Der Künstler lebte zumeist von April bis November zurückgezogen arbeitend in der kleinen südfranzösischen Gemeinde Saint-Jean-de-Buèges und im Winter in Mainz-Gonsenheim.
Dieses größere Gemälde ist exemplarisch für das leuchtend farbintensive Schaffen des Künstlers.

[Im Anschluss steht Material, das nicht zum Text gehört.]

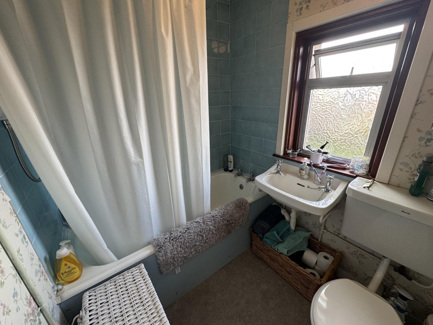 The bathroom consists of a 3-piece suite of W/C, wash hand basin with two taps and bath with overhead shower. A rear facing opaque window provides natural light.
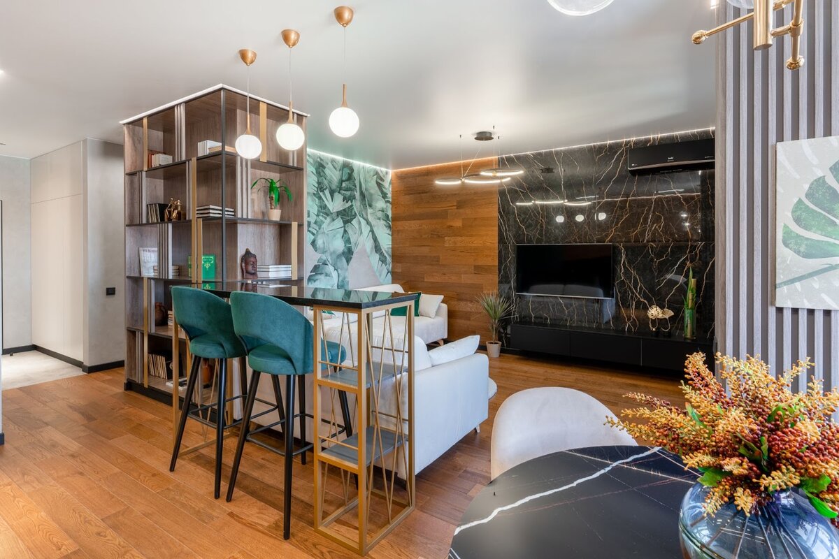 На этапе заполнения технического задания стало понятно, что заказчикам нравятся современные интерьеры с элементами латуни в декоре. Основными оттенками эксперты выбрали благородный темно-зеленый и насыщенный рыжий. В качестве акцентов — черные и золотые элементы.
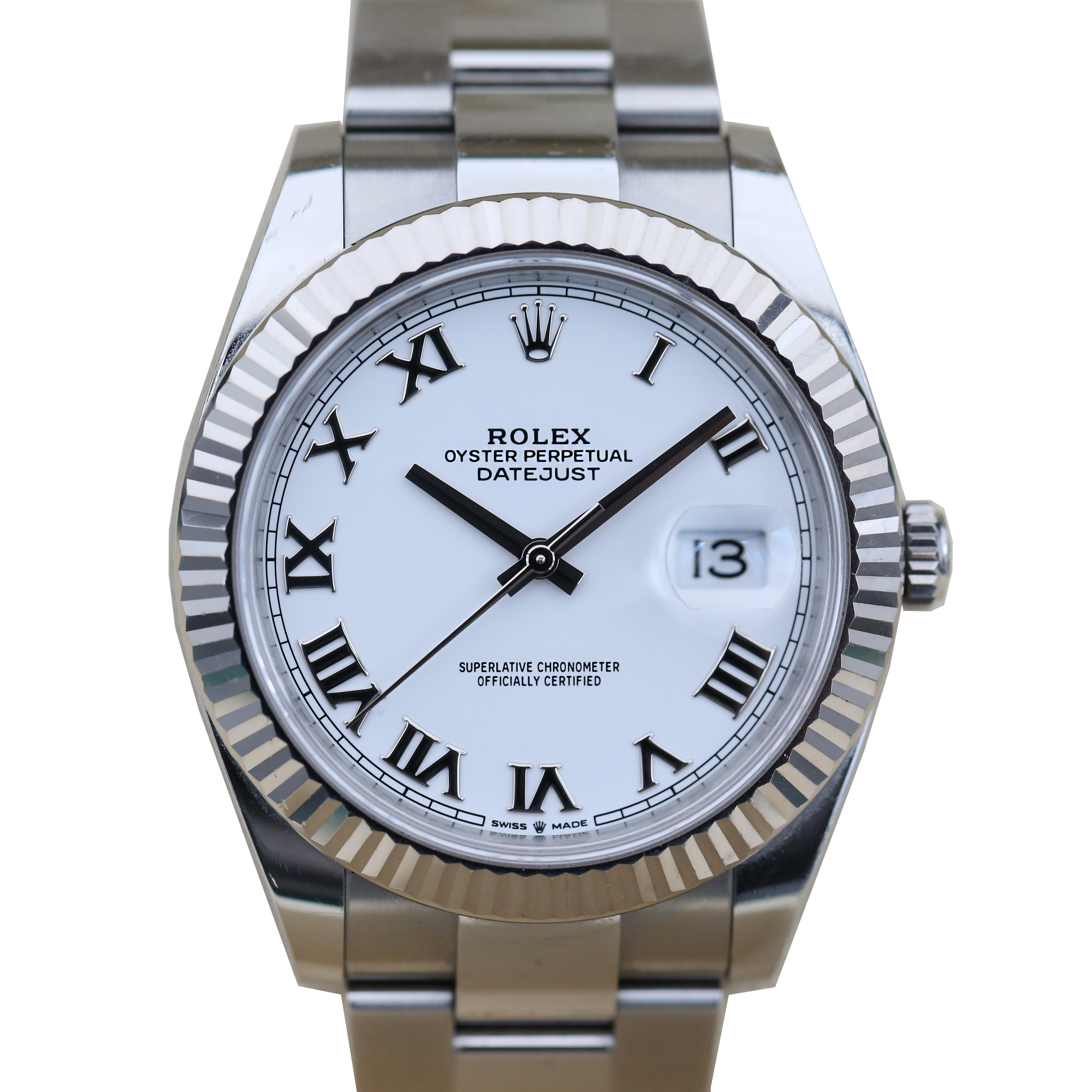 This Rolex Datejust 41 126334 has a white roman numeral dial and a bracelet strap. This Rolex has undergone a thorough inspection of water resistance, accuracy, functionality and condition to determine the level of reconditioning required to meet our strict standards. It has also been referenced against technical documents and manufacturer records where available to ensure authenticity and a clean history. Our watches have a 24-month warranty for your peace of mind, in conjunction with any remaining manufacturer’s warranty from new or from service. To maintain the manufacturer’s warranty on this watch, it has not been polished in our service centre.
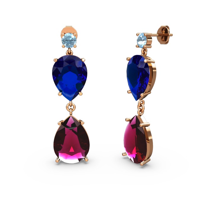 Akuamarin, rodolit garnet ve lab safir 8 ayar rose altın küpe
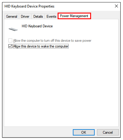 - Uncheck the “Allow this device to wake up computer” box, then click on “OK.” to save. It is now safe to close Device Manager.
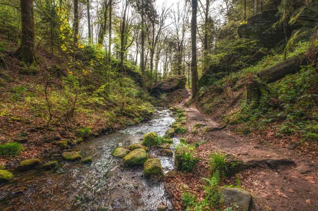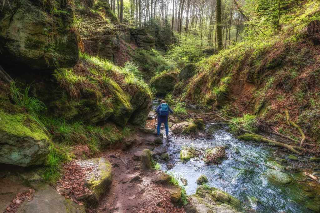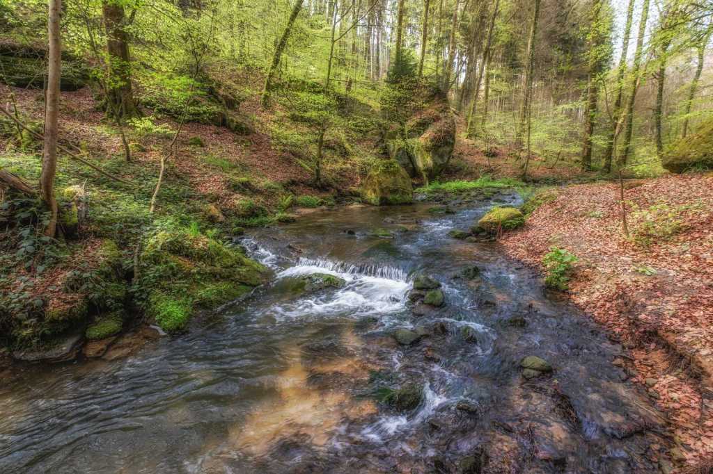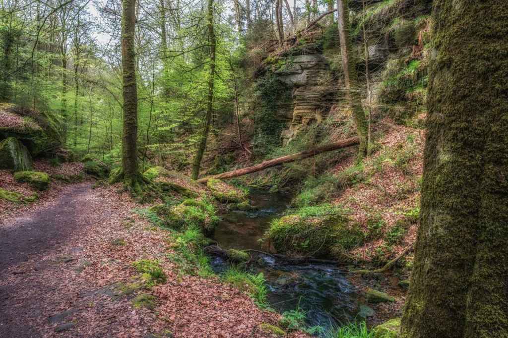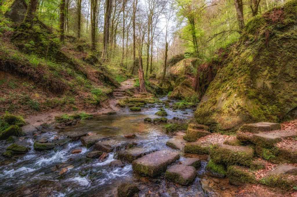 Op de derde ochtend in Luxemburg kozen wij om een wandelroute te starten vanuit het hotel. Het is slechts enkele meters lopen naar het Chateau Beaufort waar tegenover het pad begint. Direct voert de route ons langs een stromend beekje dat zijn weg vindt door een sprookjesachtige groen dal. Het is werkelijk genieten van het begin tot het einde van deze geweldig mooie route. Een route waarbij het pad langs de beekjes dan weer goed te lopen is en dan weer enige klimmen en klauteren van ons vraagt. Zelfs mogen wij de beek oversteken via stapstenen, hetgeen het adrenaline peil licht doet stijgen. Na ruim 11 kilometer genieten eindigen wij weer bij het hotel.
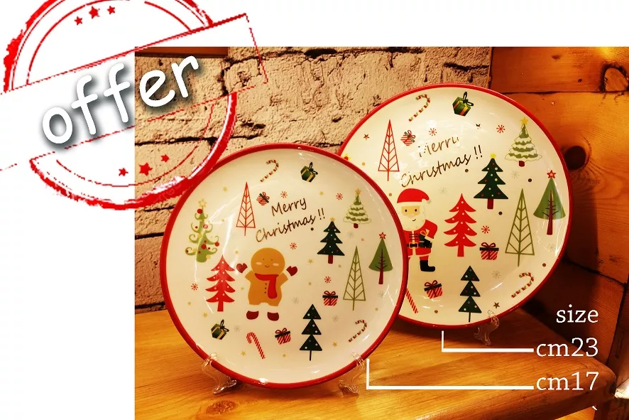 Red ceramic plate featuring playful holiday illustrations including Christmas trees, gingerbread man, wrapped gifts, candy canes, stars, and the phrase Merry Christmas in a fun font, the raised design and textured background add warmth and charm making it perfect for serving treats or decorating your holiday table at home, in stores, or offices
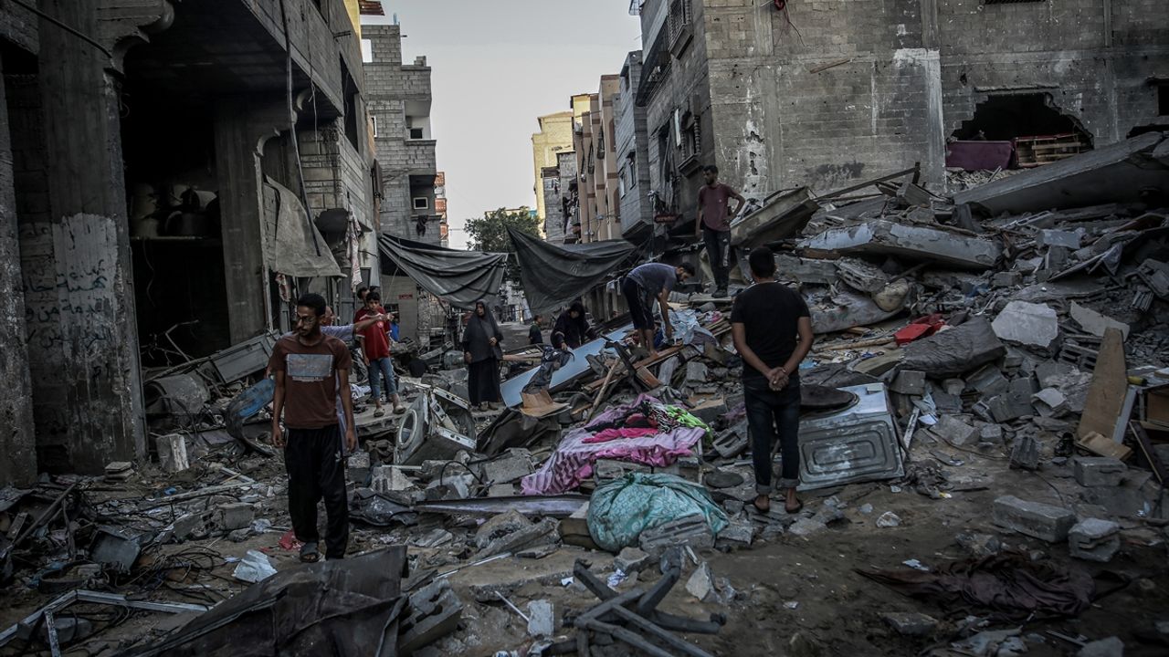 İsrail ordusunun, Gazze’nin batısındaki Eş-Şati Mülteci Kampı’na düzenlediği saldırı sonucu çok sayıda bina kullanılamaz hale geldi.
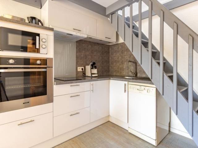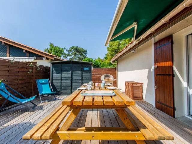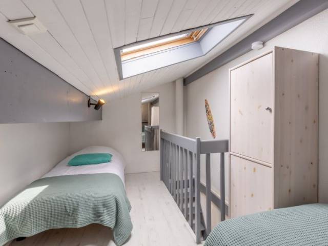 Casa adosada 2 estancias 30 m2 en 2 plantas. Vivienda adecuada para 2 adultos + 2 niños. Con mobiliario confortable y bonito: salón-comedor con TV (pantalla plana), aire acondicionado. Salida a la terraza. 1 dorm. con 1 cama de matrimonio (140 cm, 190 cm de longitud). Cocina abierta (lavavajillas, 2 placas de vitrocerámica, tostadora, hervidor de agua eléctrico, microondas, cafetera eléctrica). Ducha, WC separado. Calefacción eléctrica. Planta superior: (escalera empinada) altillo abuhardillado, abierto con 2 camas (80 cm, 190 cm de longitud). Terraza grande 25 m2, orientación oeste. Muebles de terraza, barbacoa. El alojamiento dispone de: lavadora, plancha, secador de pelo. Internet (Wifi, gratis). A tener en cuenta: adecuado para familias. Apartamento para no fumadores. Detector de humo. 40065000726OW
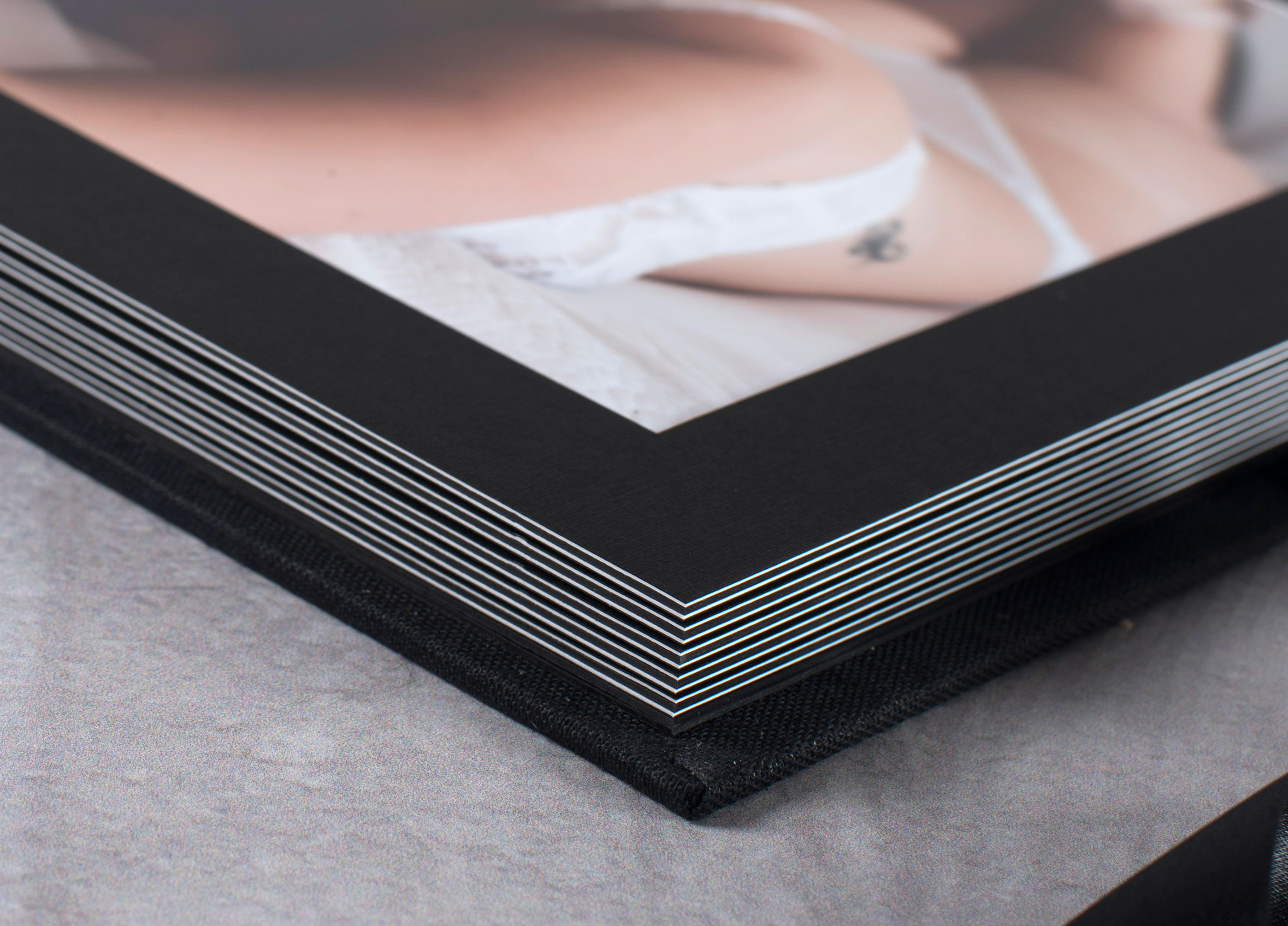If you choose to assemble the album yourself it is very simple. Each mat is open at the top of the page, and you slide your photo down behind the mat, and fix with double sided tape. You can use our Photo Tabs to permanently hold the photos in place.
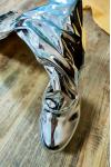 レビュー: 女性のセクシーなブーツオープントゥジッパースパンコールスティレットヒールレイブクラブシルバーサイハイブーツ膝上ブーツ
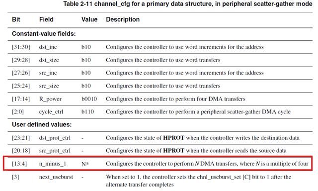 In uDMA controller specification (pl230), Table 2-11It is mention that value of N should be multiple of four. But DMA will perform N+1 tranfer ex. if N=4 dma will perform 5 transfer. In scatter-gather mode dma uses primary data structue to configure alternate data structure, and number of transfer for primary should be multiple of four. So here value of N should be 3, 7, 11, 15, etc. and not multiple of four. Can anyone please confirm this behaviour ?
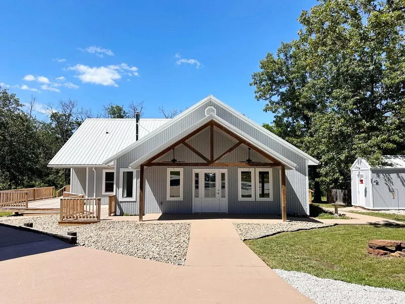 Just a few miles from beautiful Stockton Lake is a stunning property you wont want to miss. Beyond a long, private driveway is a high-end homestead that is self-sustaining, ADA accessible, & gorgeous. This 2,020 ft2 home is modern, functional, spacious, & attractive. The vaulted ceiling & hybrid wood burning stove in the open kitchen, living, & dining area create a comfortable & inviting space. The kitchen features quartz counters, tile accents, high-end appliances, a stainless farm sink, & a stainless island. The entire home features durable, easy-to-clean, & timeless wood-look ceramic tile floor. A recent 520 ft2 addition has never been lived in & flows seamlessly with the original home. The new space includes a luxury master suite featuring an oversized bedroom, a private lounge (could function as a 3rd bedroom), a giant wa...
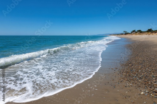 Obraz premium Gentle ocean waves kissing a pebble beach under a clear blue summer sky
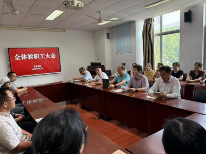 副院长(主持工作)韦中,其他院领导及全体教职工参加大会。会议由刘亮主持。
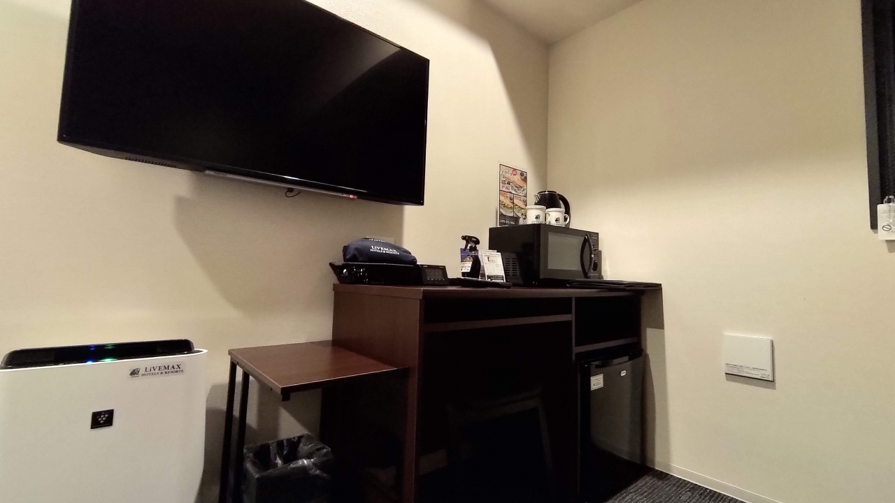 近くにコンビニもあるので深夜のチェックインを考慮しているのか、部屋に電子レンジがあるのが便利です。
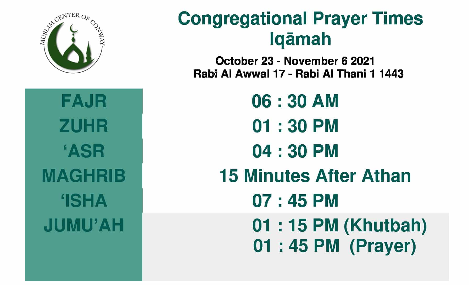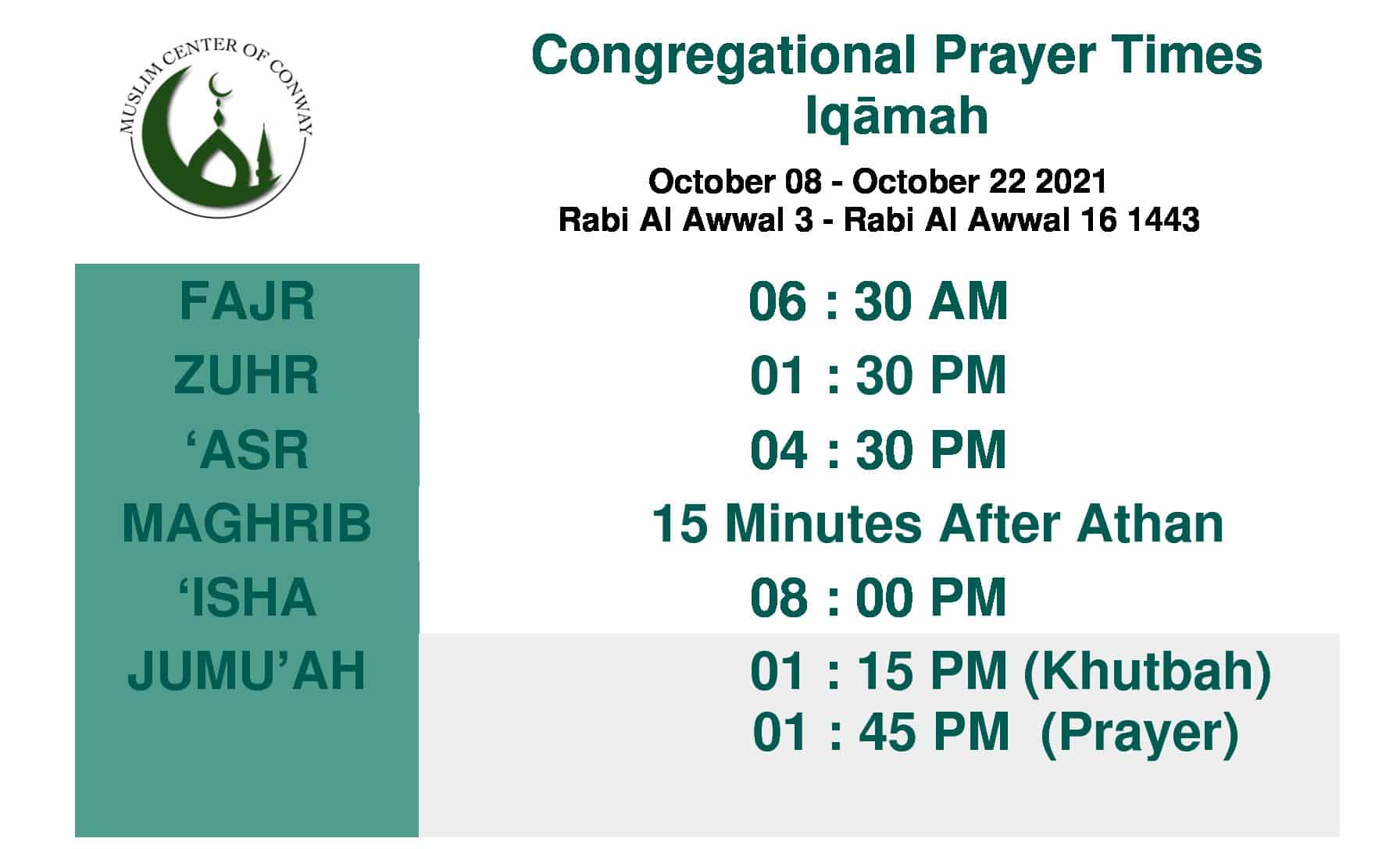 Five daily prayers and Jumu'ah: The MCC provides a space for all five congregational prayers daily, as well as the weekly Jumu'ah prayer.

Schmidt-Schmied zeigt hier eine intensiv flirrende Ansicht auf die kleine spanische Gemeinde La Fresneda. Die Berge, Hügel und Gebäude stehen dem Betrachter in kräftigen Gelb- und Rottönen gegenüber. Ganz markant ist dabei, dass der Künstler die Luft und den Himmel mit wellenförmigen Strukturen durchzog, wodurch er auf künstlerischer Ebene das Ungegenständliche mit dem Gegenständliche auf eine sehr reizvolle Weise verbindet. Im Vordergrund, als farblicher Akzent, steht ein dunkel violetter, karger Baum als Unikum in der Landschaft.
Zu Hermann Philip Schmidt-Schmied (06.02.1924 Mainz-Gonsenheim – 31.03.2010 Mainz):
Maler, Zeichner, Grafiker.
Anfangs Lehre als Schmied und Autoschlosser.
1946-53 Studium an der Mainzer Kunstschule (bei Karlo Kuhl und Peter Paul Etz).
1954 gemeinsam mit Ferrenc (Feri) Varga (1906-1989) und Jo Brenneis (1910-1994) reiste er nach Südfrankreich. Dabei lernte er durch Varga auch Pablo Picasso kennen.
1955-58 Studium der Archäologie an der École Antique in Nimes.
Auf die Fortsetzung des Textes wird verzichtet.